Friday 20 January 2012

Effect of varying separation in BMRs on the strength of Solar Cycle

The separation between the spots in a BMR has a significant effect on the strength of the Solar cycle.
R is the radius of individual sunspots, and 2 sunspots in a BMR are identical, except that they have magnetic field of opposite polarity. All the distances are between centers of sunspots.
1 unit distance=1000km
snomax=200
tilt=lat/2 with sd=19 degrees
Bmax as per Jiang et al.
Initial polar field= 3.5G, since this value gives stable(equal) oscillations for no change in parameters.

1. Separation= 2R-10


The magnetic field oscillates between +0.84 G and -2.55 G.
Difference= 3.39 G


2. Separation= 2R-5


The magnetic field oscillates between +1.6 G and -2.54 G.
Difference= 4.14 G

3. Separation=2R


The magnetic field oscillates between +2.65 G and -2.55 G.
Difference= 5.20 G

4. Separation= 2R+10


The magnetic field oscillates between +4.011 G and -2.50 G.
Difference= 6.51 G

5. Separation= 2R+20


The magnetic field oscillates between +5.56 G and -2.47 G.
Difference= 8.03 G

6. Separation= 2R+30


The magnetic field oscillates between +6.85 G and -2.45 G.
Difference= 9.30 G


Internal flux cancellation depends on the separation between the 2 spots in a BMR. The greater the separation, less is the cancellation, and more flux is transported towards the poles. Clearly affecting the strength of the cycle.

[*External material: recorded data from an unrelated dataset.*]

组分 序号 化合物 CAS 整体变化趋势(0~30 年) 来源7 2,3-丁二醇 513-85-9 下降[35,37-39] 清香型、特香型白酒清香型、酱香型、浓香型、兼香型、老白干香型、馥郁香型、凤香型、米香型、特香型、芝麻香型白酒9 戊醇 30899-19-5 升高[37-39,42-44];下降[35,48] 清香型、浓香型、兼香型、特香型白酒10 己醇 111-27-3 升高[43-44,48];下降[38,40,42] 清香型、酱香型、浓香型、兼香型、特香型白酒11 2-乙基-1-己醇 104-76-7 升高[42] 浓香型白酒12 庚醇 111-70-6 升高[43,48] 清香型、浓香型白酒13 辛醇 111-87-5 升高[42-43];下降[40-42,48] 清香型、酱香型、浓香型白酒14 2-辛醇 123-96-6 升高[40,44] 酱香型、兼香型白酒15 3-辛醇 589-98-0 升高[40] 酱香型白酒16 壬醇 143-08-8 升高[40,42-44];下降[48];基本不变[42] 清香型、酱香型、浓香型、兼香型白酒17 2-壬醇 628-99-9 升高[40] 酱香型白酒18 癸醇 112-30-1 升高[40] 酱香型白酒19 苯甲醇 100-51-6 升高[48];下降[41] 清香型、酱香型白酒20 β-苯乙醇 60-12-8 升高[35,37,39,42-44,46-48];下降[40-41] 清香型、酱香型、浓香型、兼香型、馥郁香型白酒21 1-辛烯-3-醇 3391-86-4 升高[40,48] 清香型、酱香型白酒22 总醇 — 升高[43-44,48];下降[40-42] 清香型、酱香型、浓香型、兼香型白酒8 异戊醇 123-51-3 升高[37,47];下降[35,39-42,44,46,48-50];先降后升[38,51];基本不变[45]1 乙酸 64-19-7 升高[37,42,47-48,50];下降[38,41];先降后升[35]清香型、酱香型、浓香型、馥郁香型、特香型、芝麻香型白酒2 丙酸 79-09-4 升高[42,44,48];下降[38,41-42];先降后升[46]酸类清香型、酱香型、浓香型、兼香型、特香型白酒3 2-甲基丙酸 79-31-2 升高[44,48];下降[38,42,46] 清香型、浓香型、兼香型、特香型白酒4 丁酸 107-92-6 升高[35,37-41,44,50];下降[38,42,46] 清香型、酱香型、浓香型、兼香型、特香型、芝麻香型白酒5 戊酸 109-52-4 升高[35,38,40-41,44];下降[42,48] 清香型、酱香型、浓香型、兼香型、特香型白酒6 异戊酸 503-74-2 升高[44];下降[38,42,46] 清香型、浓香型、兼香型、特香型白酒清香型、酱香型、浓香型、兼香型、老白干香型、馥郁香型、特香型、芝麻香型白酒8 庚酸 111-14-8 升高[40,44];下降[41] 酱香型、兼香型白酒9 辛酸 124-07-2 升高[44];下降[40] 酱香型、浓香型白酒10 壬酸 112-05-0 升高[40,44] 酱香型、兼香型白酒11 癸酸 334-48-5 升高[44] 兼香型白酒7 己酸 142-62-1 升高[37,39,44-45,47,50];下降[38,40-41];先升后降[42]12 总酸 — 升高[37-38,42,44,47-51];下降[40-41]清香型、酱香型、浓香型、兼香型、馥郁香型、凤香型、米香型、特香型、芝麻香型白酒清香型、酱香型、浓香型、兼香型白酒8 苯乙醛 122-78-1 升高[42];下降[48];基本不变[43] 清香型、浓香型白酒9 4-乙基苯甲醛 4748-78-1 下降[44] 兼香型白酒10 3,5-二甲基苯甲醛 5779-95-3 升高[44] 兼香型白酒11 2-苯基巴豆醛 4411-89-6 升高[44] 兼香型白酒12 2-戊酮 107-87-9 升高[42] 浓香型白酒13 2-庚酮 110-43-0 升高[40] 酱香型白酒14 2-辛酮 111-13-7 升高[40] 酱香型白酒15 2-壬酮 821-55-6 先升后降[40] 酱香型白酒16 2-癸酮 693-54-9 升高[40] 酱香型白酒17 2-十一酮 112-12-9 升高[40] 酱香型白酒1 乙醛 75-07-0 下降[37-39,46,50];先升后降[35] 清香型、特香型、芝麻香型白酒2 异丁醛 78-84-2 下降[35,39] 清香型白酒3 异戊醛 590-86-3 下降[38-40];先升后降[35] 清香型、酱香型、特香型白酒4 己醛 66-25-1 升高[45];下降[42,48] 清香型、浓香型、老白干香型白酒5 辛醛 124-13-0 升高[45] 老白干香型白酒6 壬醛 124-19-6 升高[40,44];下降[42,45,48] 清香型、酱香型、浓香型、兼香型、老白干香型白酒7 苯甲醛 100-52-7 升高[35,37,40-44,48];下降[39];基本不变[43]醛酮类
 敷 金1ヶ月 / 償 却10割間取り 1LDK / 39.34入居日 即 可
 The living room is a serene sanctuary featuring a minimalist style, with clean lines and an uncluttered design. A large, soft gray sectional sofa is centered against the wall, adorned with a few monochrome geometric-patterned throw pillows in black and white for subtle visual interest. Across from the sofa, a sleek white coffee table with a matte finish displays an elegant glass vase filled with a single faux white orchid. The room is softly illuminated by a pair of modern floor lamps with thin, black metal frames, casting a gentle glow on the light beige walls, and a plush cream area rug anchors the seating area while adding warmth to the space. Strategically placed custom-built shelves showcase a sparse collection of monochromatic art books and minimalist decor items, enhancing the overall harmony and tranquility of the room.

For every value of separation, there will be a different value of initial polar field, for which we will obtain an oscillation with same magnitude on either side of zero. But the difference between the peaks will stay the same, as previous simulations suggest.

Sunday 8 January 2012

Modified Separation

All the previous simulations were for  a larger separation between 2 sunspots in a BMR, so that maximum flux is differentially transported.

But now, to study the effect of varying the no. of sunspots per cycle, we need to fix the separation at some value.

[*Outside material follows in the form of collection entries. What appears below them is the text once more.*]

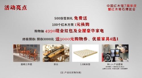 更多家具好物欢迎来中国馆红木馆鉴赏,这里栖息着宁静的中式生活。更多礼品尽在活动现场,欢迎来中国红木馆赏红木品奇石!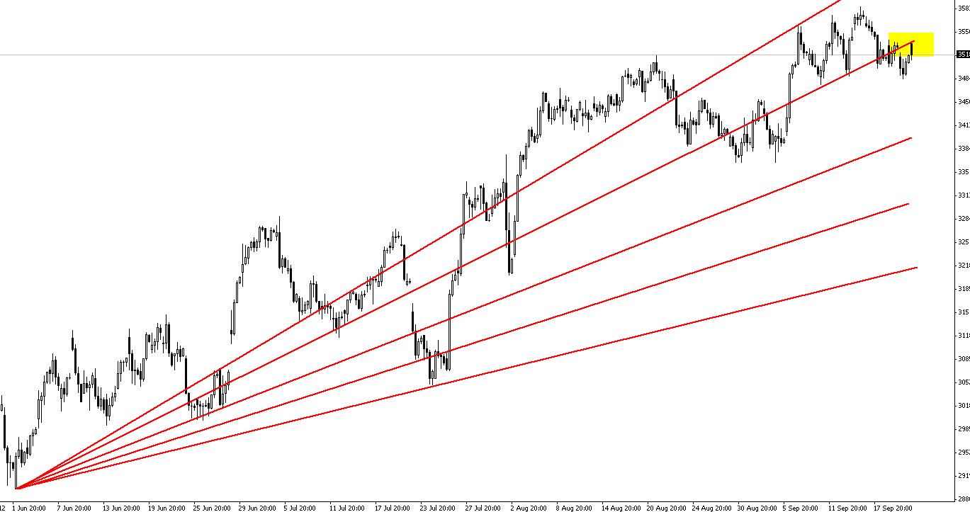 Movimiento en abanico de fibonacci para el futuro del índice francés. El CAC 40 (Par.fce) pregunta debilidad en su estructura. Podemos ver un H-C-H inclinado ligeramente al alza y en el día de hoy ha tocado su neck-line ya como resistencia. Toda no superación de la zona 3535 implicaría un movimiento bajista de continuación de dicha estructura, acompañado con resistencias en la estructura que comento, en abanico de fibonacci. Por tanto y siendo hoy vencimiento de futuros, además de máximos de 52 semanas del sector bancario francés, opino que la dirección operativa debería ser bajista.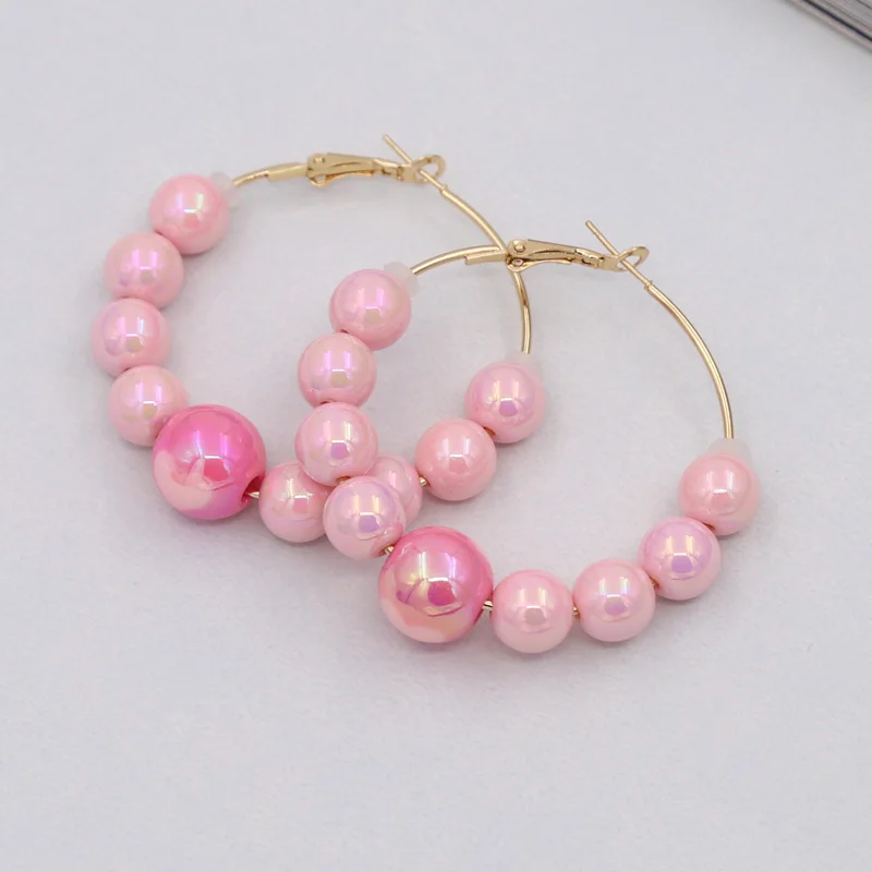 Boucles d’oreilles pour femmes, accessoires, nouvelle mode, perles rondes, cœur d’amour, cerceau coloré, loisirs, fête, vacances, bijoux, 2025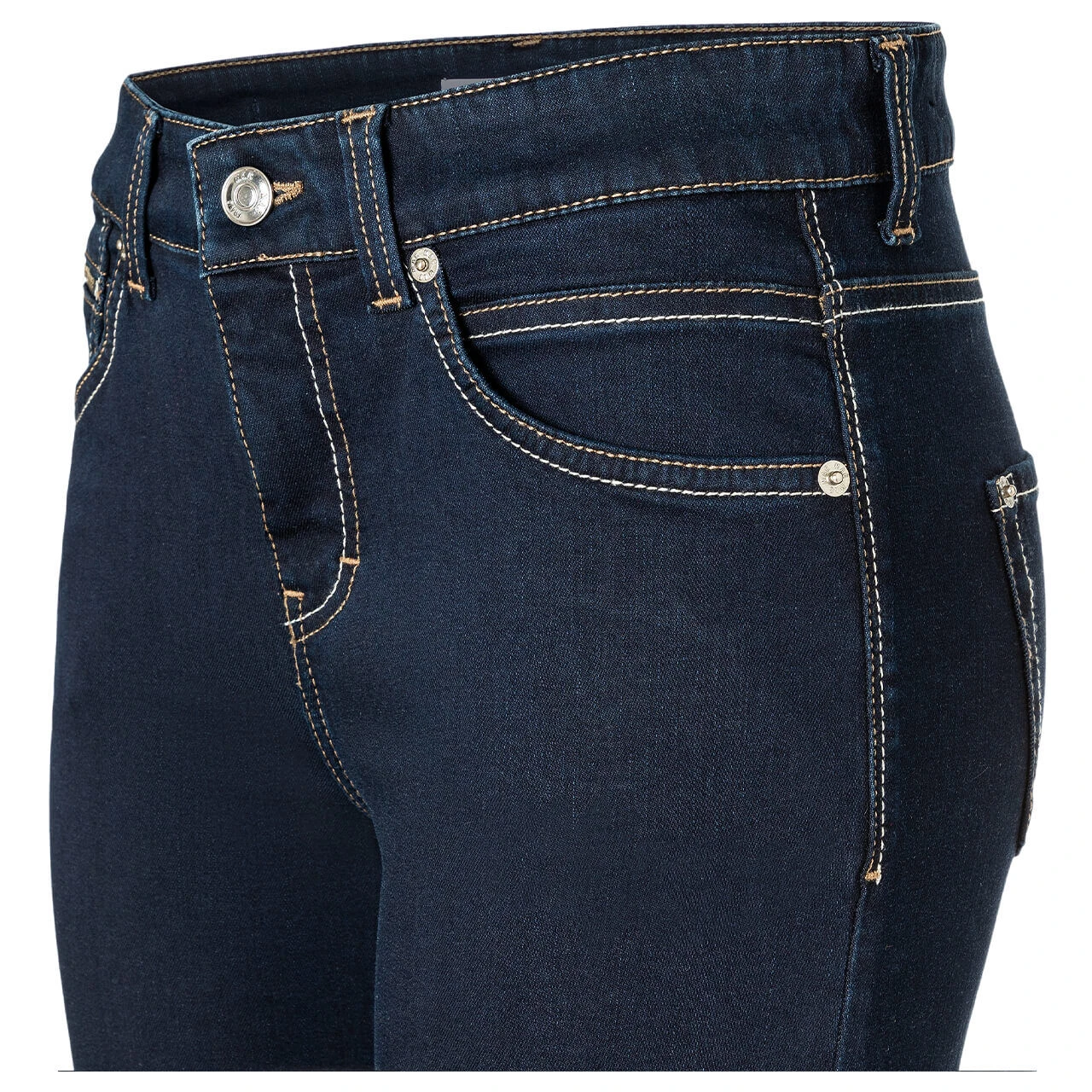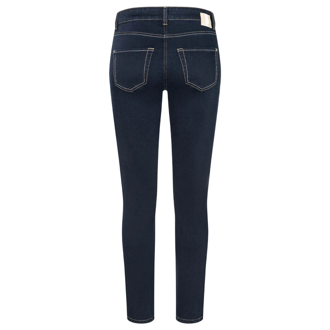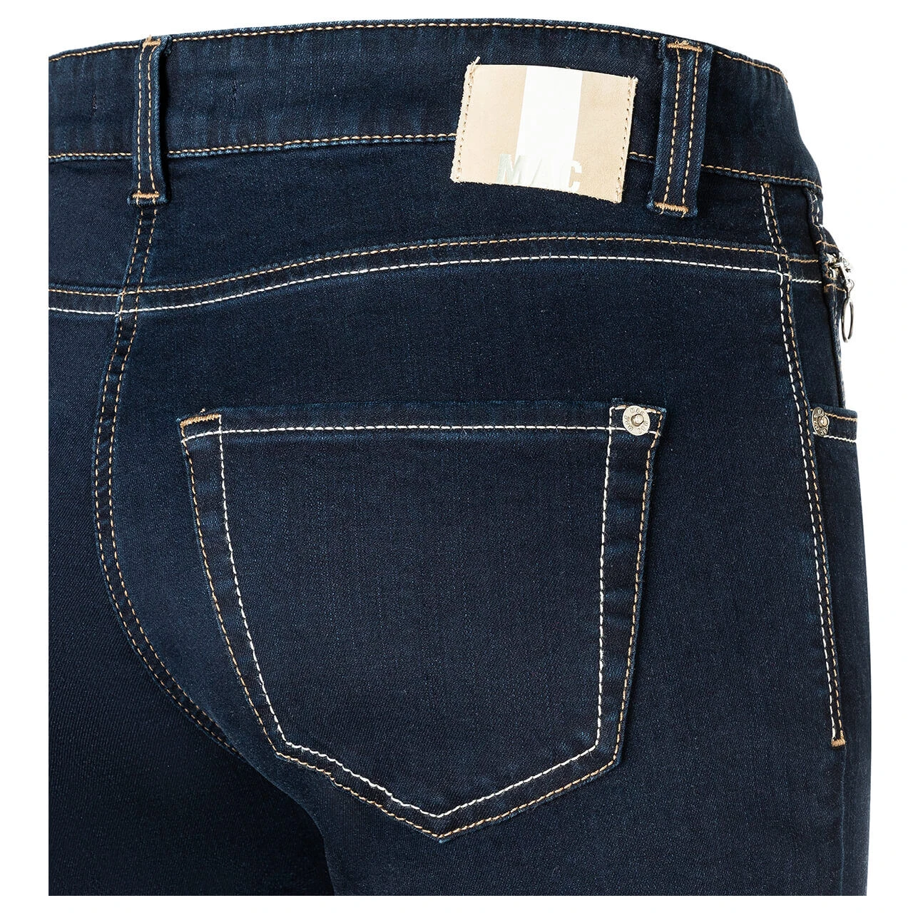 Zweifarbigkeit ist das Motto der MAC Slim! Die Damenjeans überrascht nicht nur mit einem braun-weißen Echtlederpatch, sondern auch mit Nähten in dieser Farbe. Sie setzen einen kräftigen Kontrast zum einheitlichen Dunkelblau der Slim.

For the next post, that will cover the variation of peak magnetic field with respect to variation in no. of errupting BMRs in a cycle, the separation will be fixed such that, the 2 sunspots in a BMR grace each other's boundaries. i.e. separation between their centres is twice their radius. For such a separation, stabilised oscillation is obtained for:
Initial field=3G
The field oscillates between +2.20 and -2.21G
Difference=4.41G

Note: This post should have been before the one below.
The post showing the effect of varying sunspot nos. is below.

Running the code with different number of BMRs per cycle


The code was run with different values of input BMRs per cycle, and the initial field was varied for each run to get a stable oscillation. The results are:

1. No. of BMRs per cycle = 7028,  with a peak of 200 BMRs@5.5 yrs.


Initial field = 3.5G
The field oscillates between +2.65G and -2.55G
Difference=5.20G

2. No. of BMRs per cycle = 10722, with a peak of 300 BMRs@5.5 yrs.

Initial field = 5G
The field oscillates between +3.81G and -3.64G
Difference=7.45G

3. No. of BMRs per cycle = 14412, with a peak of 400 BMRs@5.5 yrs.
Initial field = 7G
The field oscillates between +5.31 and -5.10
Difference= 10.41G

4. No. of BMRs per cycle = 18082, with a peak of 500 BMRs@5.5 yrs.
Initial field = 10G
The field oscillates between +6.58 and -7.25
Difference=15.85G

5. No. of BMRs per cycle = 21768, with a peak of 600 BMRs@5.5yrs.




Initial field = 12G
The field oscillates between +8.66 and -8.66G
Difference=17.32G


6. No. of BMRs per cycle = 25442, with a peak of 700 BMRs@5.5yrs.
Initial field = 13.5G
The field oscillates between +10.14 and -9.75G
Difference=19.89G


Ideally, the Sun's peak magnetic field near the poles has a magnitude of about 10G. So, keeping the separation between 2 spots in a BMR to be minimum, so that they just grace each other, we obtain a field of about 10 G in the last case.